- YOUR ASSIGNMENT
Starting with the line that has "以及 AYA 键也采用简洁直观设计。" and finishing with the line that has "for low-temperature environments", set down each line below exactly. Pictures are not copied.

- RECORDS PROVIDED
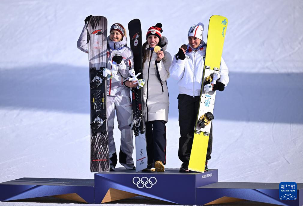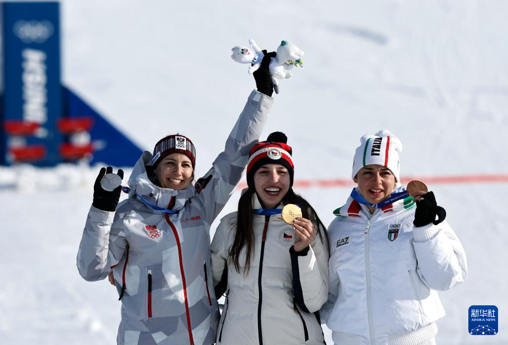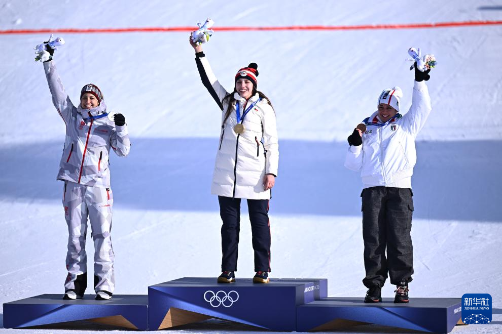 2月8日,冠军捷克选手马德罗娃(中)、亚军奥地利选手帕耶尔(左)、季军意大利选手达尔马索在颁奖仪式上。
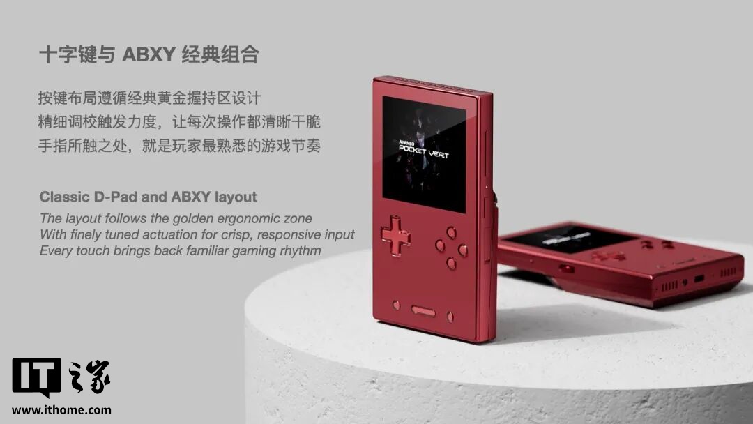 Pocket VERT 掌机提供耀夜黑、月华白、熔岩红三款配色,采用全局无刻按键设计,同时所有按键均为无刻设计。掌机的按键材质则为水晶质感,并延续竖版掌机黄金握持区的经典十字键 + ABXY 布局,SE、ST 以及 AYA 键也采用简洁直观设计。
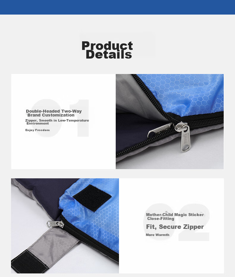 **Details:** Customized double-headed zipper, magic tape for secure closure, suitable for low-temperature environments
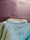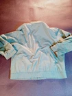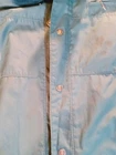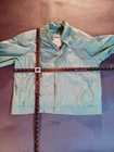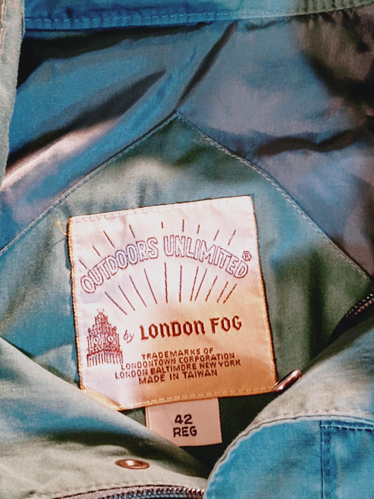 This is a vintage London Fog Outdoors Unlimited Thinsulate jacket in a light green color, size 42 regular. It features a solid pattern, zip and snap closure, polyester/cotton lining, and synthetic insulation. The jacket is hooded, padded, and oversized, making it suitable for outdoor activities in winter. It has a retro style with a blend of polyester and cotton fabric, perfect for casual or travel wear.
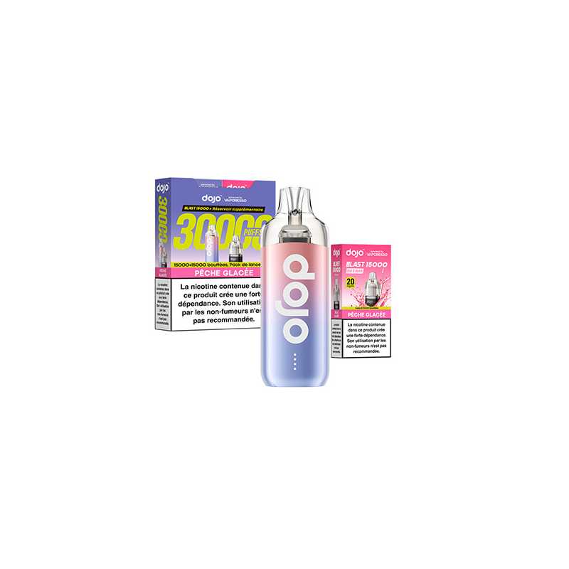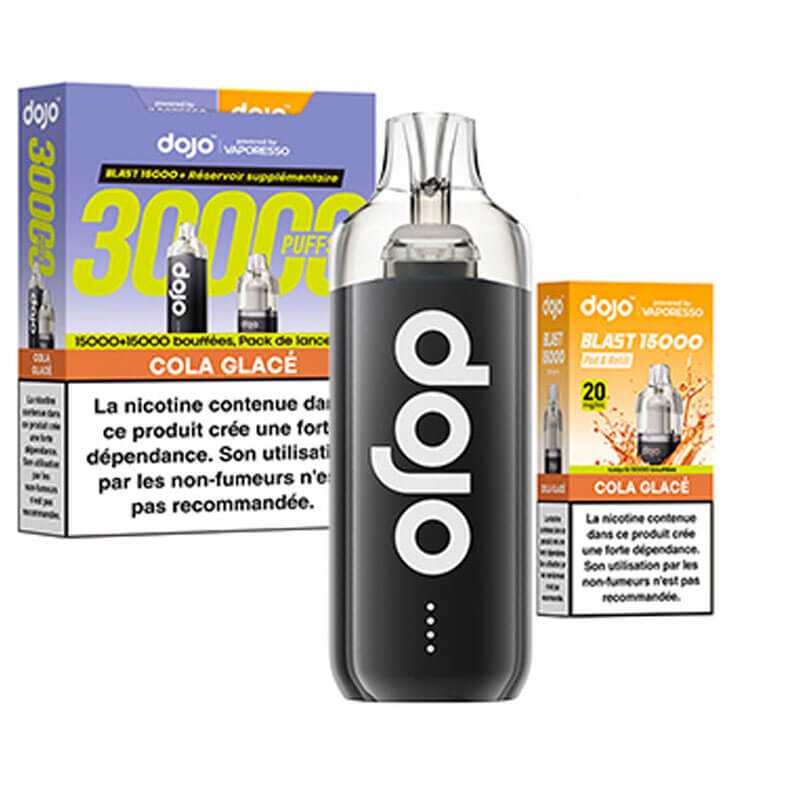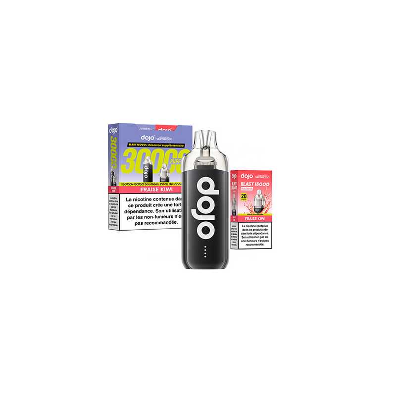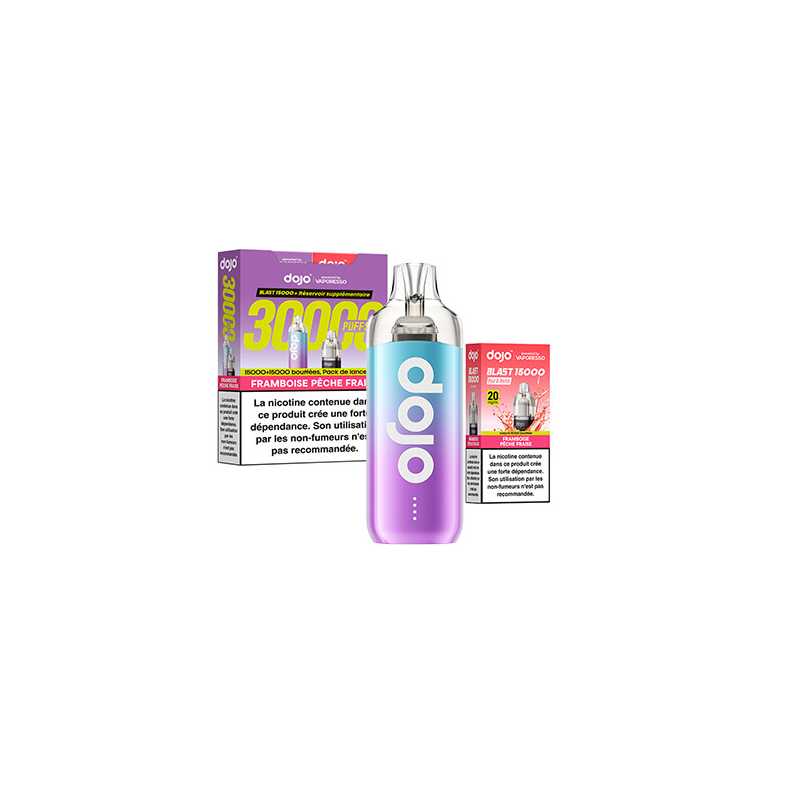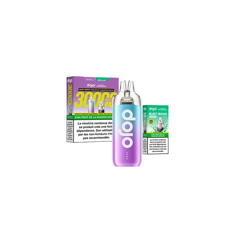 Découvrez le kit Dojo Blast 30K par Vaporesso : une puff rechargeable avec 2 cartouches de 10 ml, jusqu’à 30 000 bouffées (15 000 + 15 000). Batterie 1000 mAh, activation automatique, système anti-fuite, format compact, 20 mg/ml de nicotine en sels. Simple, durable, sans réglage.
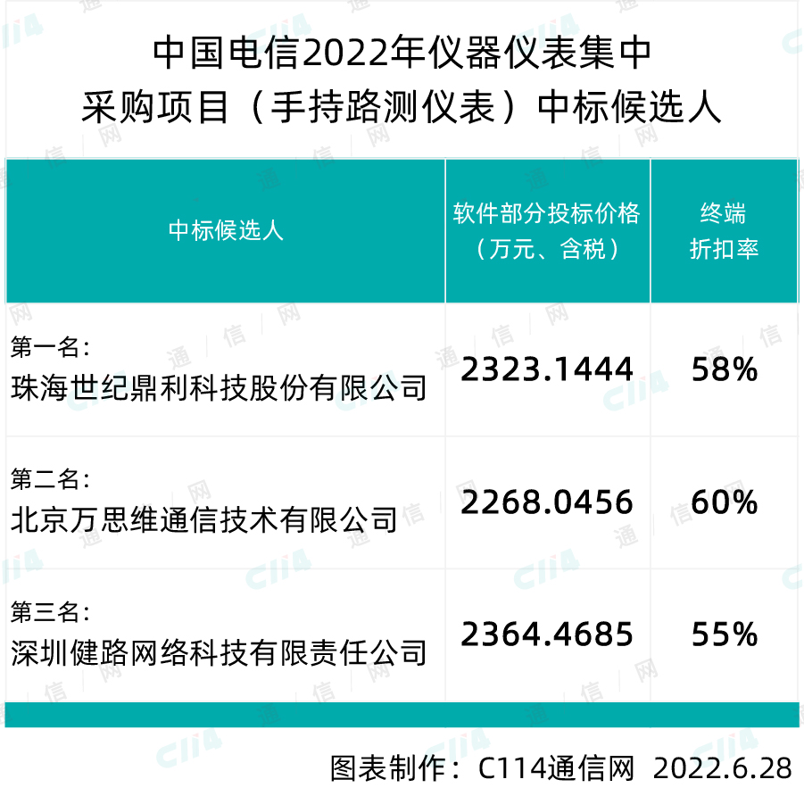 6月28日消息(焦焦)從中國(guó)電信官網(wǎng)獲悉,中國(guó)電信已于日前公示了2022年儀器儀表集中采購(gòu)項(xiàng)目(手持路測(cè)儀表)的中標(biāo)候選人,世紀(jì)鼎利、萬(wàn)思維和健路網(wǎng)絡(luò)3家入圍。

- TASK OUTPUT
 Pocket VERT 掌机提供耀夜黑、月华白、熔岩红三款配色,采用全局无刻按键设计,同时所有按键均为无刻设计。掌机的按键材质则为水晶质感,并延续竖版掌机黄金握持区的经典十字键 + ABXY 布局,SE、ST 以及 AYA 键也采用简洁直观设计。
 **Details:** Customized double-headed zipper, magic tape for secure closure, suitable for low-temperature environments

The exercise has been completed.